Task prompt: Below, locate the line that contains "制造業(yè)是立國之本、興". Repeat exactly from that line to the line that contains "A siete años", inclusive, leaving out the pictures.
══ Records to use
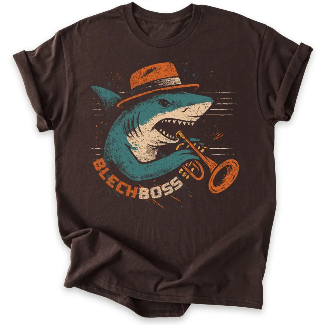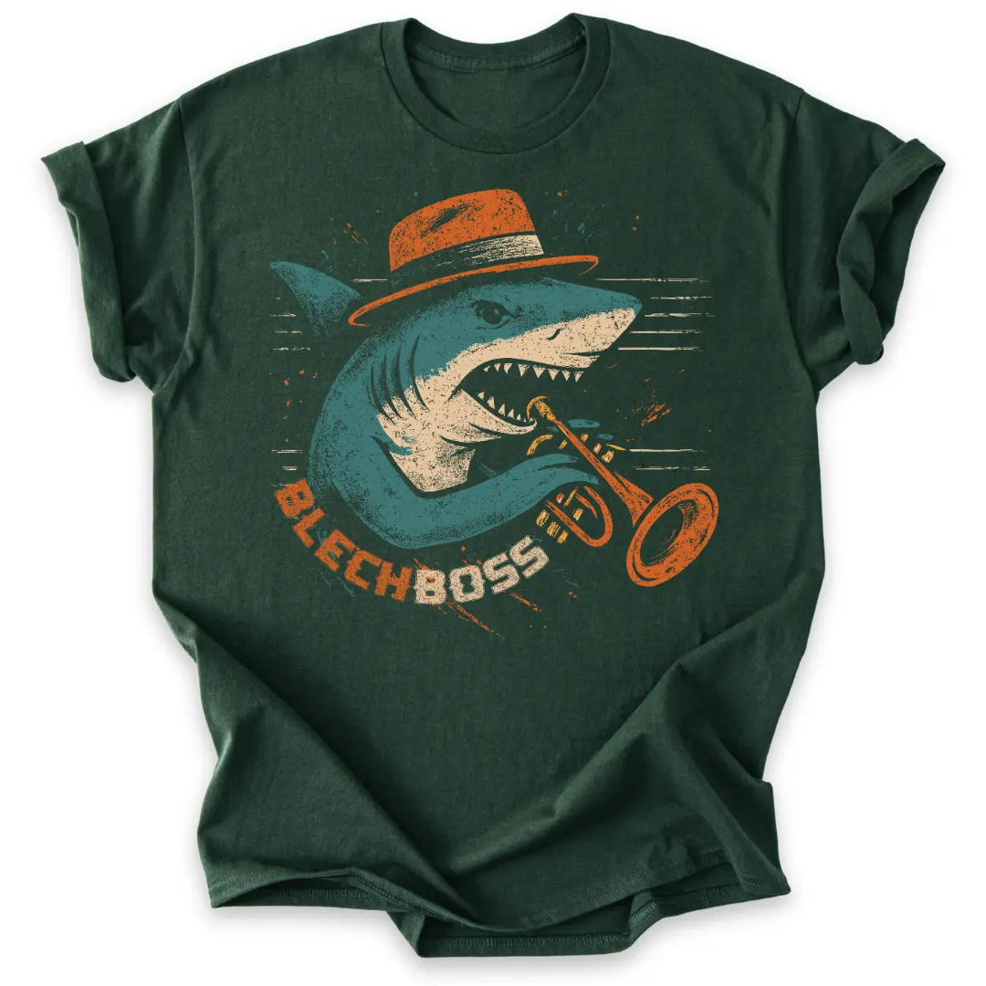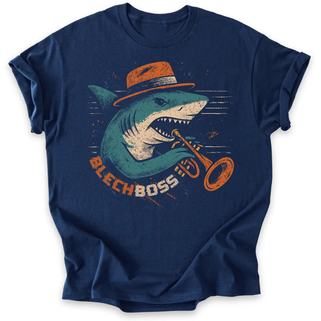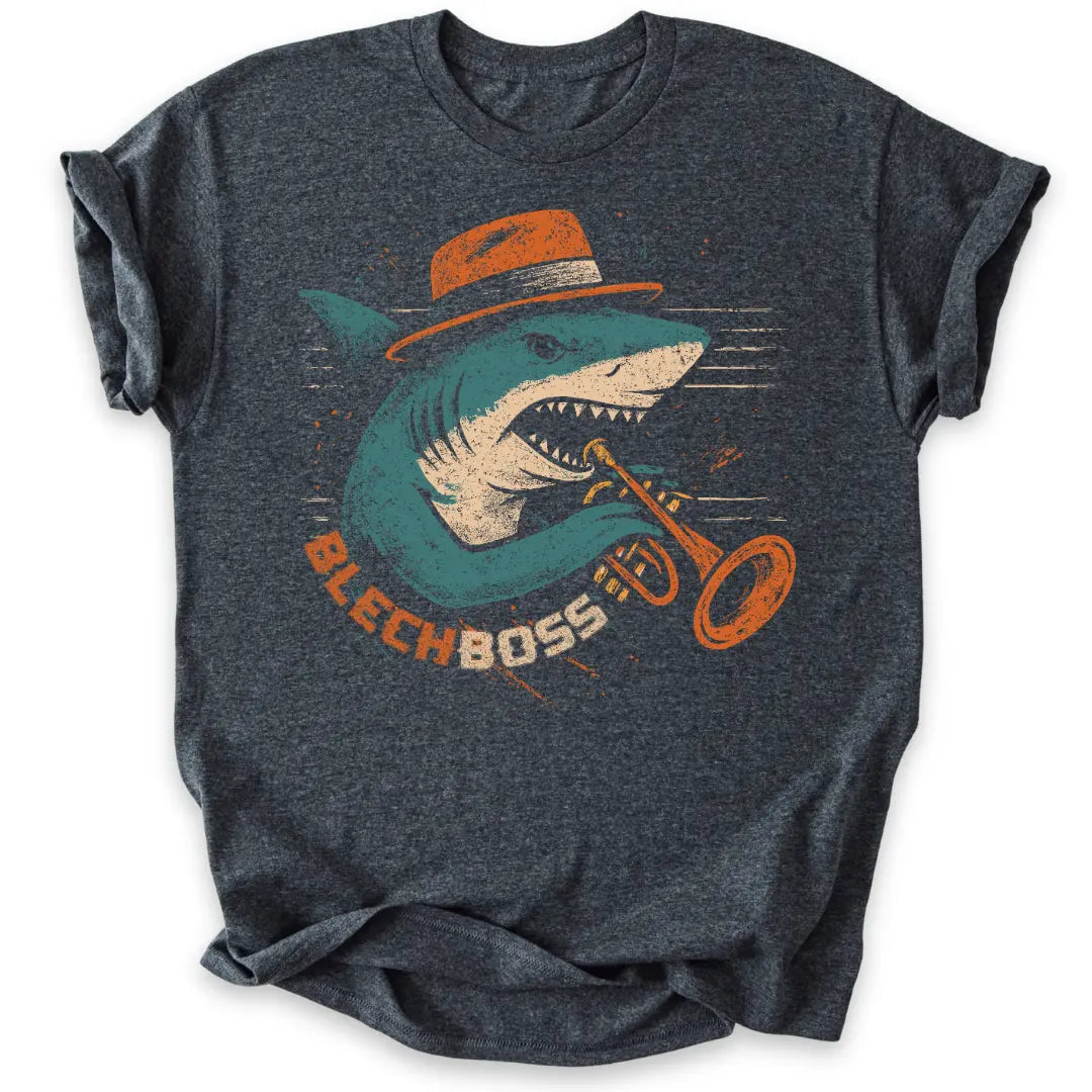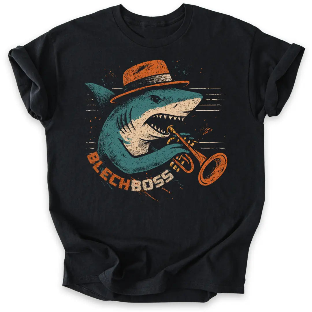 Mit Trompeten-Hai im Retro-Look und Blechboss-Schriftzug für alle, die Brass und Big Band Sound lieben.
════
══ Records to use
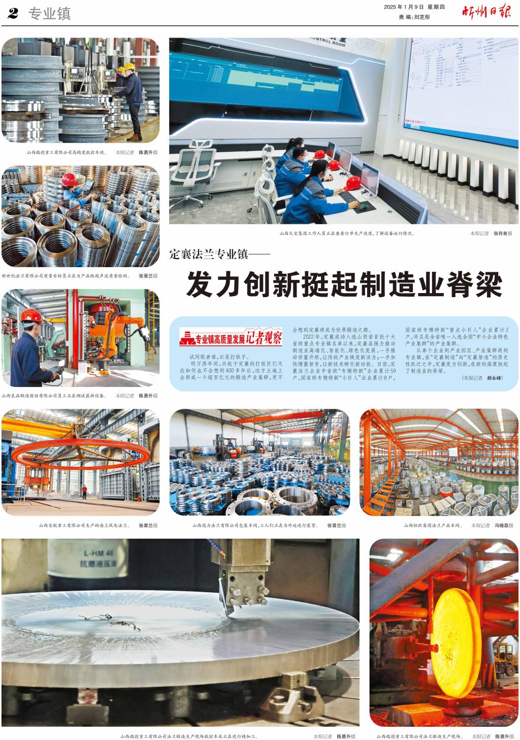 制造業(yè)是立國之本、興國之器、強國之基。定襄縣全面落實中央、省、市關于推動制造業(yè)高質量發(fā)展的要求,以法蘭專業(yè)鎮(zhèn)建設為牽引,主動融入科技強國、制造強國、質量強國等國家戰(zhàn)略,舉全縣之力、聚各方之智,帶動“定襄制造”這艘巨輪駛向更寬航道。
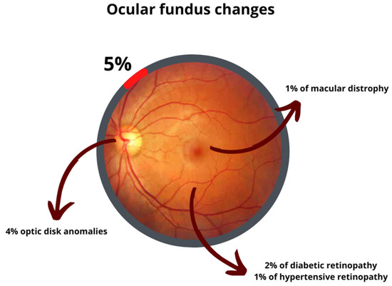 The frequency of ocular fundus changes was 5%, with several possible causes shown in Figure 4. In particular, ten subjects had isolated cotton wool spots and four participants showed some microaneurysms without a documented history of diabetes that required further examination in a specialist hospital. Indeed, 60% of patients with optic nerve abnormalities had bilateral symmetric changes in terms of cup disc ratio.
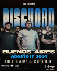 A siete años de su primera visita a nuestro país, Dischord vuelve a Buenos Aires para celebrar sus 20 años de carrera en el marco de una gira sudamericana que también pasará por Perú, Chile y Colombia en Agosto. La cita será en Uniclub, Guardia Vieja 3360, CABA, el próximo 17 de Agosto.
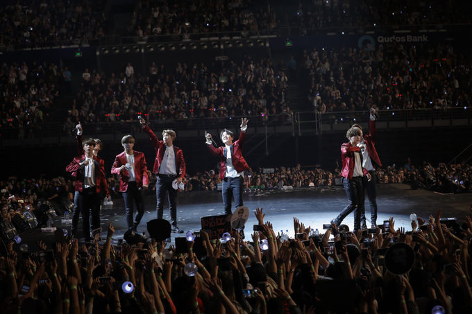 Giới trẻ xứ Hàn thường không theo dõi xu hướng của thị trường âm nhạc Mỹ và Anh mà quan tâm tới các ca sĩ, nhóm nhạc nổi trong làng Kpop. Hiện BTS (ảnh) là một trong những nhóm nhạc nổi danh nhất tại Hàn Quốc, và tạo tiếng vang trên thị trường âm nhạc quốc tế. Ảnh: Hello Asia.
════
Output for this exercise:
 制造業(yè)是立國之本、興國之器、強國之基。定襄縣全面落實中央、省、市關于推動制造業(yè)高質量發(fā)展的要求,以法蘭專業(yè)鎮(zhèn)建設為牽引,主動融入科技強國、制造強國、質量強國等國家戰(zhàn)略,舉全縣之力、聚各方之智,帶動“定襄制造”這艘巨輪駛向更寬航道。
 The frequency of ocular fundus changes was 5%, with several possible causes shown in Figure 4. In particular, ten subjects had isolated cotton wool spots and four participants showed some microaneurysms without a documented history of diabetes that required further examination in a specialist hospital. Indeed, 60% of patients with optic nerve abnormalities had bilateral symmetric changes in terms of cup disc ratio.
 A siete años de su primera visita a nuestro país, Dischord vuelve a Buenos Aires para celebrar sus 20 años de carrera en el marco de una gira sudamericana que también pasará por Perú, Chile y Colombia en Agosto. La cita será en Uniclub, Guardia Vieja 3360, CABA, el próximo 17 de Agosto.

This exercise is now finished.